[Extracted records]
====

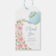 Gift Tag featuring a border of pink flowers and greenery flowing from a cute teal blue whimsical teapot. Customise with your information. Click "click to customise further" to change the font style, size or colour.
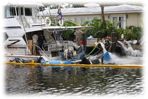 Shortly thereafter, TowBoatU.S. Ft. Lauderdale was contracted to perform the salvage operation and they mobilized their Sunken Vessel Recovery Unit to the scene; moments later one of the company's towboats and several salvage personnel also arrived. Salvage Master Kevin Collins dispatched the company's containment boom boat carrying 1600' of hard containment boom. Meanwhile, the crew deployed absorbent boom around the casualty in an effort to quickly mitigate any adverse environmental effects. Once the US Coast Guard Marine Safety team was satisfied with containment efforts, the salvage team worked methodically to stage all of the equipment necessary to undertake the salvage effort. Collins explained, "We included eight 6000lbs. lift bags, two 4000lbs. lift bags, four 4 inch diesel dewatering pumps as well as several gas powered dewatering pumps in our salvage plan. We also had to deal with a tremendous amount of chafe caused by the lifting chine on this particular vessel. We decided to use a combination of chains and hi tensile line to rig our lift bags to ensure each bag was rigged safely and securely, it worked perfectly!"
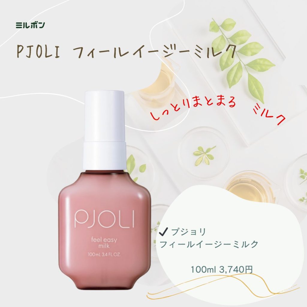 PJOLI フィールイージー ミルクは、純国産コメヌカ油とエンドウケラチンを配合したアウトバスミルクです。ベタつきを抑えながら、しっとりまとまり、やわらかな指通りに整えてくれるのが魅力です。
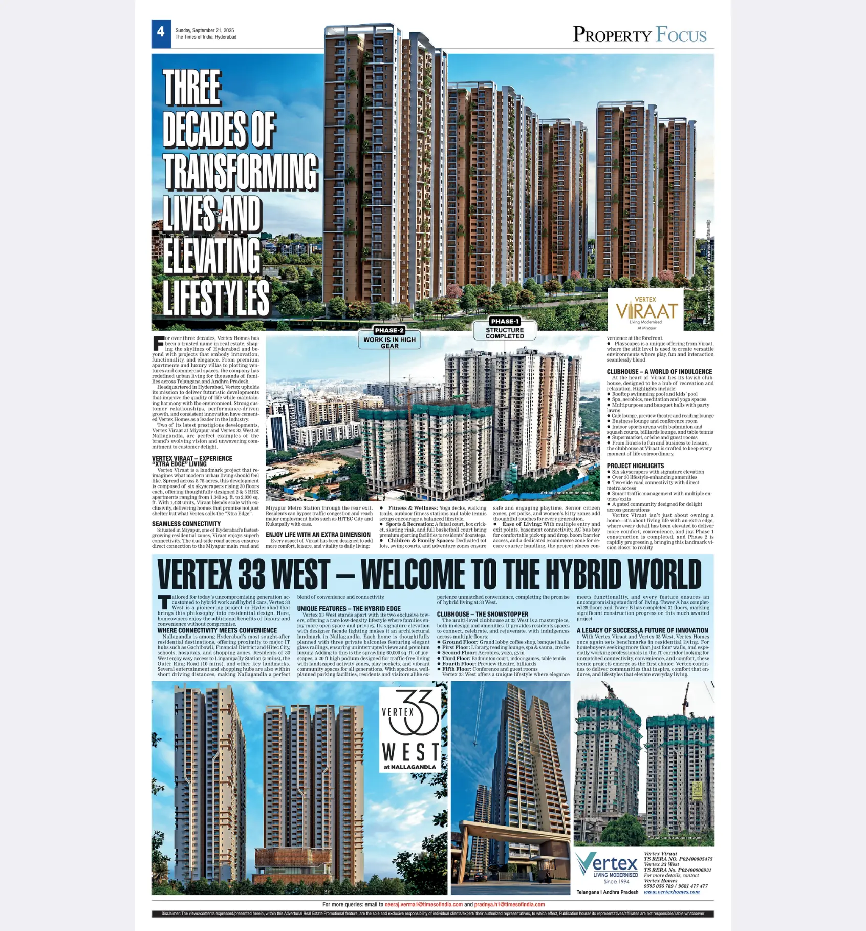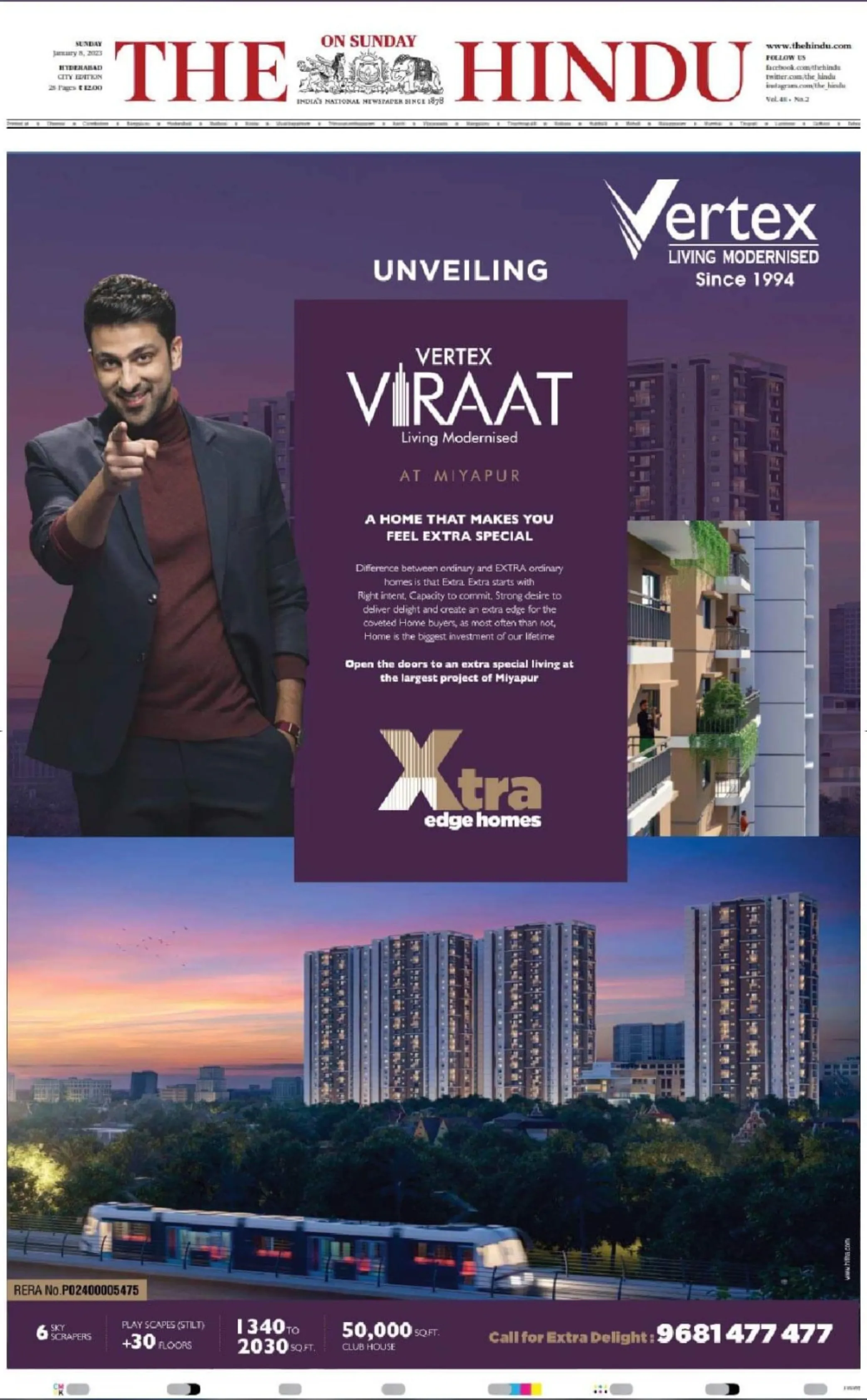 Vertex Homes, an established real estate development enterprise has been covered by reputed newspapers, channels, and magazines like Eenadu, Times Property, and The Hindu. Find our unique and compelling stories, updates on new projects, news about offers, etc. in various media across the state.
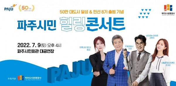 파주시의 인구 50만 대도시 진입을 축하하는 의미로 파주시민, 문화소외계층 등 지역 내 다양한 이웃을 초청하는 무료공연으로 기획됐으며 120분간 누구나 편하게 즐길 수 있는 흥겨운 명품 트로트의 향연이 펼쳐질 예정이다.
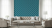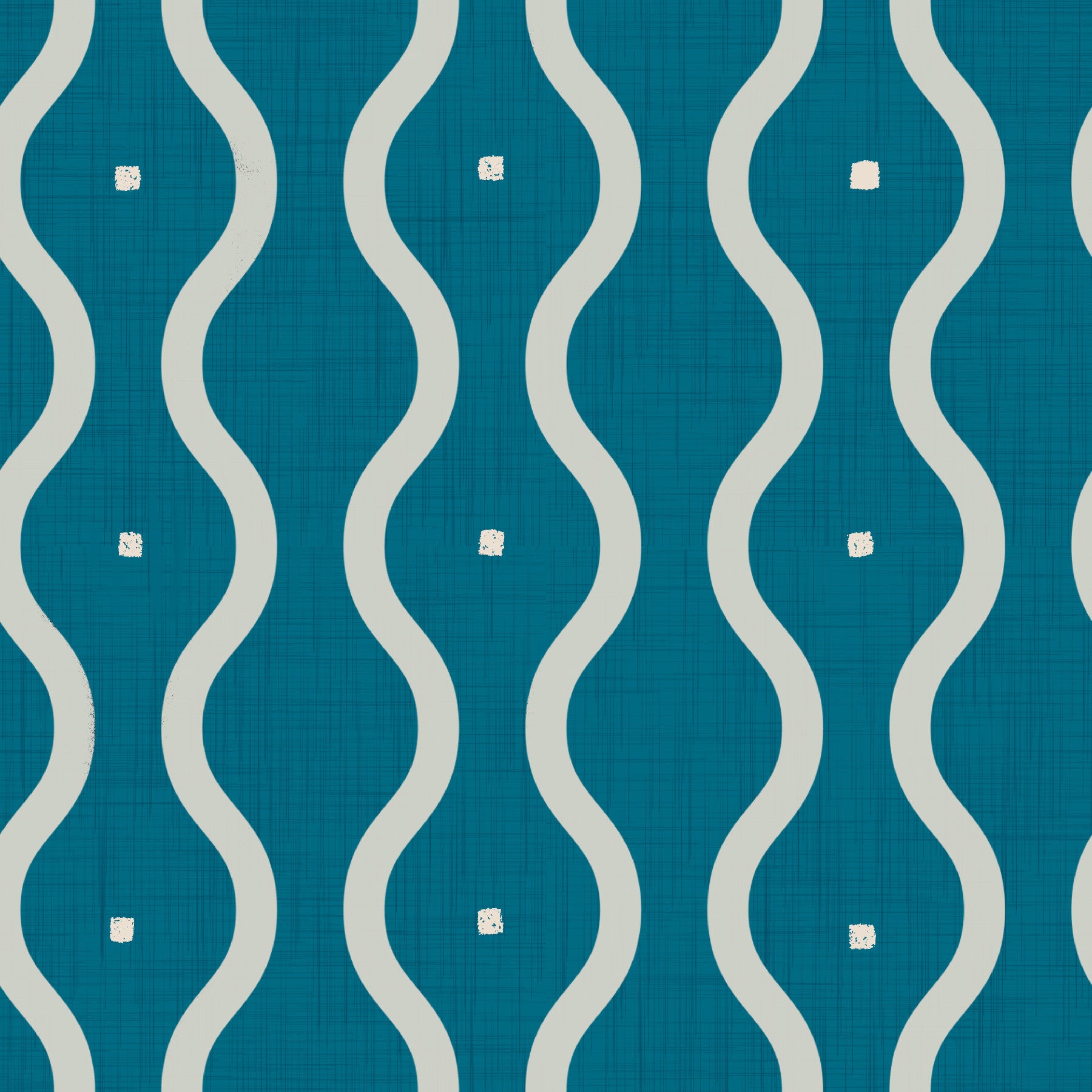 Dive into a wave of retro charm with this engaging wallpaper for walls. The design features flowing, off-white lines that create a dynamic, undulating pattern against a vibrant teal background. Small, textured squares add subtle visual interest, giving a nod to mid-century textile design. Ideal for a living room, bedroom, or hallway, this pattern brings a touch of sophistication and movement. It pairs beautifully with both modern and vintage decor, adding personality to interiors.
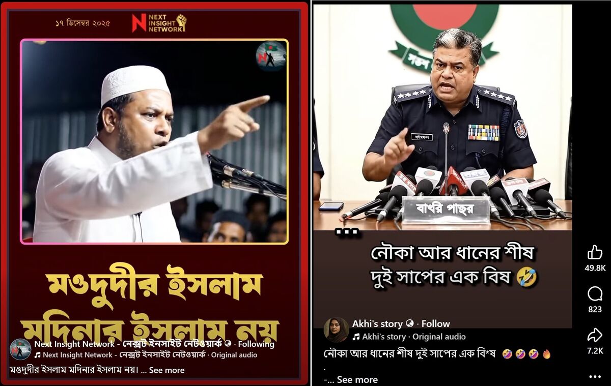 যেমন, “Next Insight Network - নেক্সট ইনসাইট নেটওয়ার্ক” নামক একটি পেইজ থেকে একটি ভিডিও পোস্ট করা হয়েছে যেখানে দেখা যাচ্ছে, দাঁড়ি-টুপি-পাঞ্জাবি পরা এক মধ্যবয়স্ক আলেম স্টেজে দাঁড়ি জনতার উদ্দেশ্যে বলছেন, “মওদুদীর ইসলাম মদিনার ইসলাম নয়। তোমরা এই মাটিতে অনেক ধোঁকাবাজি করছো, এইবার করতে আসলে তোমাদের ঠাঁই নাই। একাত্তরের মতো আবারও জামায়াতকে না করার সময় এসেছে। সবাই জামায়াতকে না বলুন।”
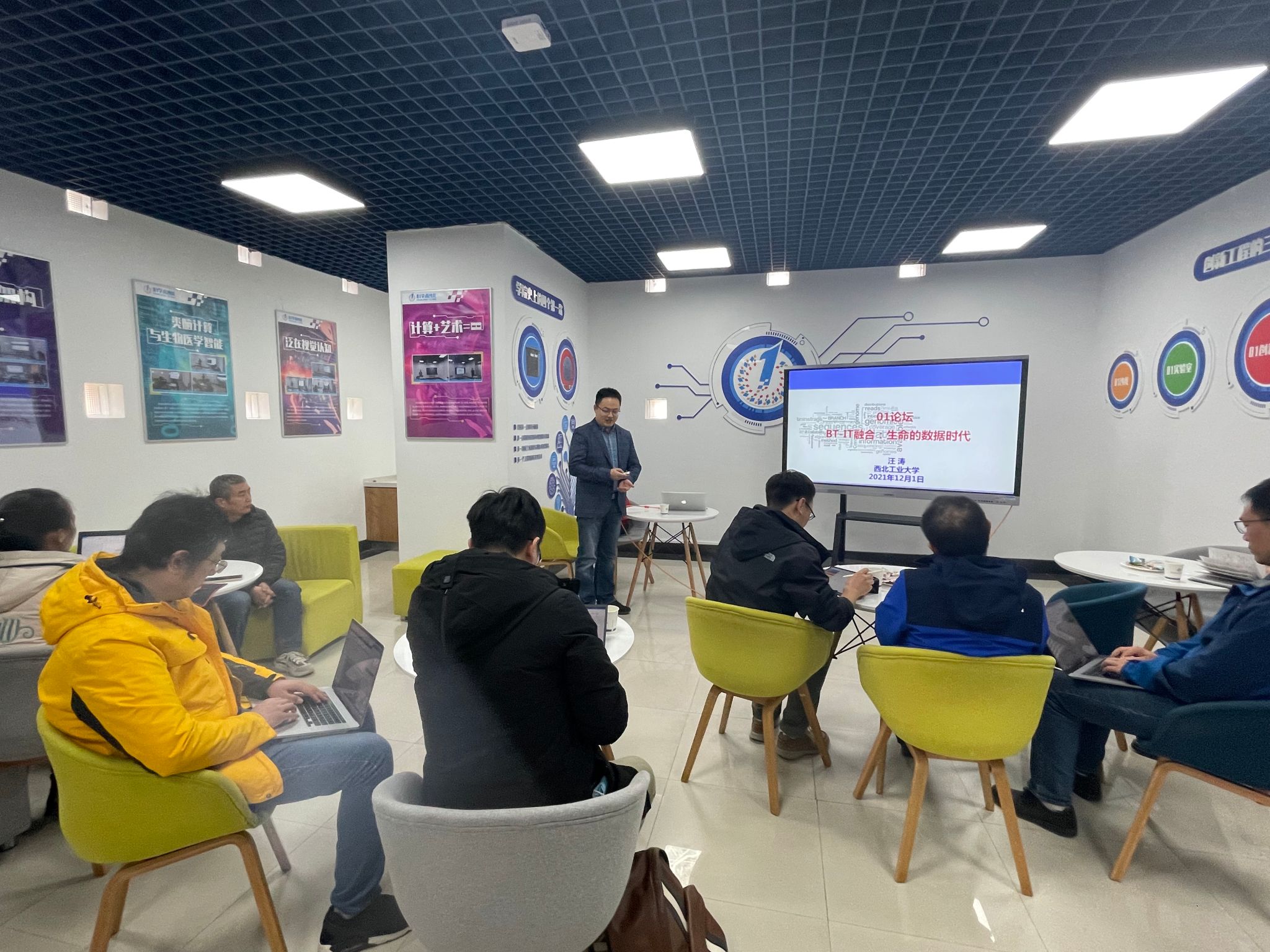 12月1日下午,英国365集团公司组织举行了第二十六期“01学术沙龙”。本次沙龙围绕 “BT-IT融合:生命的数据时代”,邀请了英国365集团公司汪涛副教授进行报告交流,活动由助理教授张育培主持,共计15名师生参加。
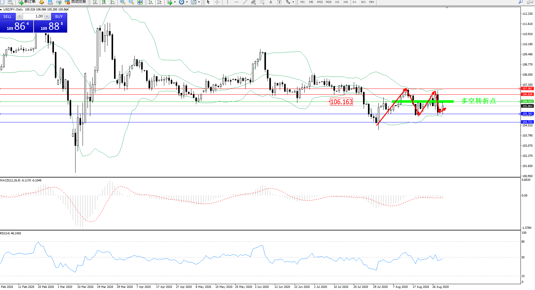 多空转折点:106.163
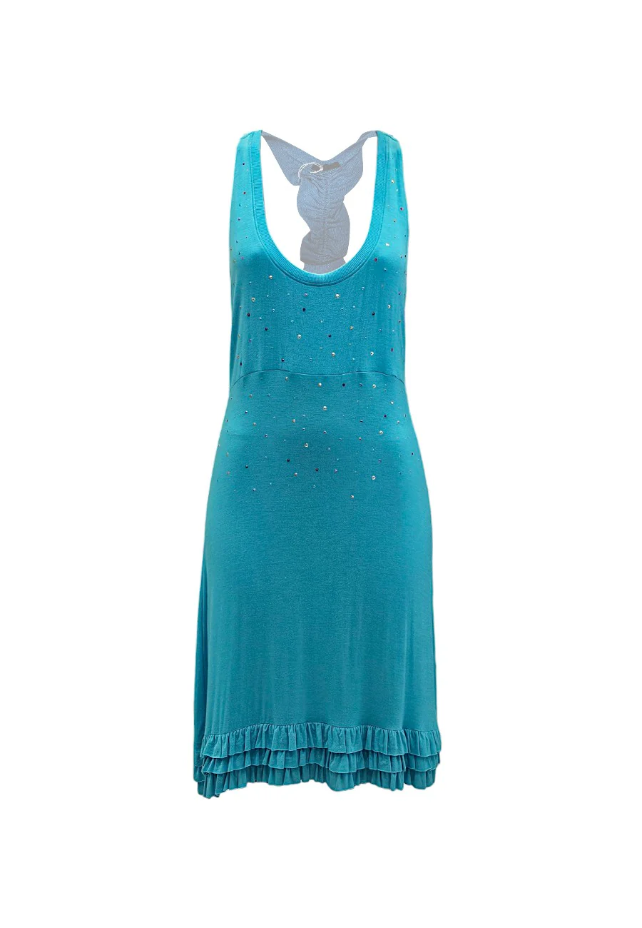 Fresco abitino lungo Baci rubati con applicazioni strass su fondo azzurro. Schiena scoperta con inserto drappeggiato regolabile e pendenti. Fondo a balze 92% viscosa 8% licra
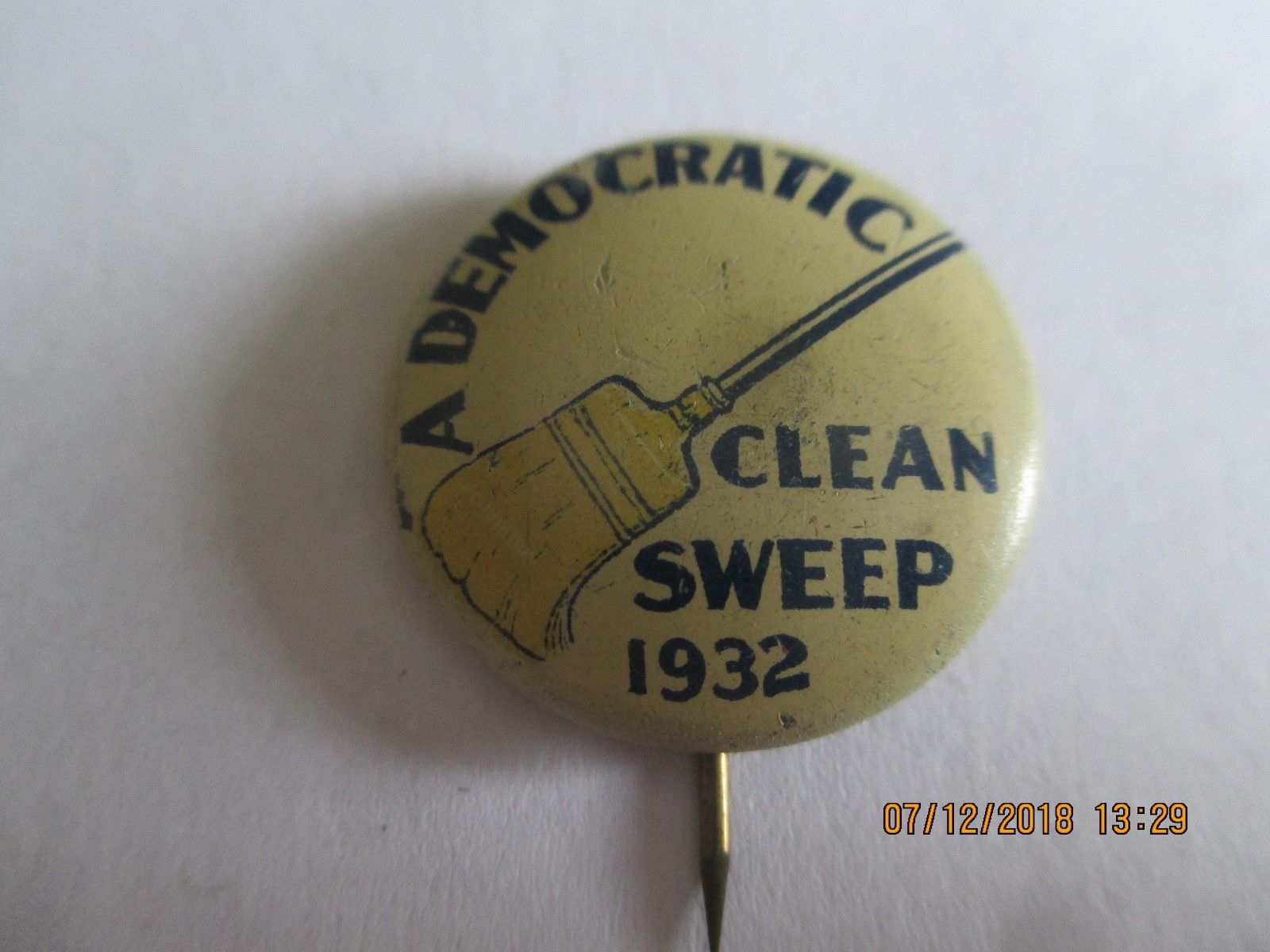 Title (ebay affiliate link): 1932 7/8" Litho Button Pin FranklIn Roosevelt "Clean Sweep" FDR227

====

YOUR ASSIGNMENT » Each entry should appear again exactly as written, pictures excluded.

RESULT FOR THIS TASK »
 Gift Tag featuring a border of pink flowers and greenery flowing from a cute teal blue whimsical teapot. Customise with your information. Click "click to customise further" to change the font style, size or colour.
 Shortly thereafter, TowBoatU.S. Ft. Lauderdale was contracted to perform the salvage operation and they mobilized their Sunken Vessel Recovery Unit to the scene; moments later one of the company's towboats and several salvage personnel also arrived. Salvage Master Kevin Collins dispatched the company's containment boom boat carrying 1600' of hard containment boom. Meanwhile, the crew deployed absorbent boom around the casualty in an effort to quickly mitigate any adverse environmental effects. Once the US Coast Guard Marine Safety team was satisfied with containment efforts, the salvage team worked methodically to stage all of the equipment necessary to undertake the salvage effort. Collins explained, "We included eight 6000lbs. lift bags, two 4000lbs. lift bags, four 4 inch diesel dewatering pumps as well as several gas powered dewatering pumps in our salvage plan. We also had to deal with a tremendous amount of chafe caused by the lifting chine on this particular vessel. We decided to use a combination of chains and hi tensile line to rig our lift bags to ensure each bag was rigged safely and securely, it worked perfectly!"
 PJOLI フィールイージー ミルクは、純国産コメヌカ油とエンドウケラチンを配合したアウトバスミルクです。ベタつきを抑えながら、しっとりまとまり、やわらかな指通りに整えてくれるのが魅力です。
 Vertex Homes, an established real estate development enterprise has been covered by reputed newspapers, channels, and magazines like Eenadu, Times Property, and The Hindu. Find our unique and compelling stories, updates on new projects, news about offers, etc. in various media across the state.
 파주시의 인구 50만 대도시 진입을 축하하는 의미로 파주시민, 문화소외계층 등 지역 내 다양한 이웃을 초청하는 무료공연으로 기획됐으며 120분간 누구나 편하게 즐길 수 있는 흥겨운 명품 트로트의 향연이 펼쳐질 예정이다.
 Dive into a wave of retro charm with this engaging wallpaper for walls. The design features flowing, off-white lines that create a dynamic, undulating pattern against a vibrant teal background. Small, textured squares add subtle visual interest, giving a nod to mid-century textile design. Ideal for a living room, bedroom, or hallway, this pattern brings a touch of sophistication and movement. It pairs beautifully with both modern and vintage decor, adding personality to interiors.
 যেমন, “Next Insight Network - নেক্সট ইনসাইট নেটওয়ার্ক” নামক একটি পেইজ থেকে একটি ভিডিও পোস্ট করা হয়েছে যেখানে দেখা যাচ্ছে, দাঁড়ি-টুপি-পাঞ্জাবি পরা এক মধ্যবয়স্ক আলেম স্টেজে দাঁড়ি জনতার উদ্দেশ্যে বলছেন, “মওদুদীর ইসলাম মদিনার ইসলাম নয়। তোমরা এই মাটিতে অনেক ধোঁকাবাজি করছো, এইবার করতে আসলে তোমাদের ঠাঁই নাই। একাত্তরের মতো আবারও জামায়াতকে না করার সময় এসেছে। সবাই জামায়াতকে না বলুন।”
 12月1日下午,英国365集团公司组织举行了第二十六期“01学术沙龙”。本次沙龙围绕 “BT-IT融合:生命的数据时代”,邀请了英国365集团公司汪涛副教授进行报告交流,活动由助理教授张育培主持,共计15名师生参加。
 多空转折点:106.163
 Fresco abitino lungo Baci rubati con applicazioni strass su fondo azzurro. Schiena scoperta con inserto drappeggiato regolabile e pendenti. Fondo a balze 92% viscosa 8% licra
 Title (ebay affiliate link): 1932 7/8" Litho Button Pin FranklIn Roosevelt "Clean Sweep" FDR227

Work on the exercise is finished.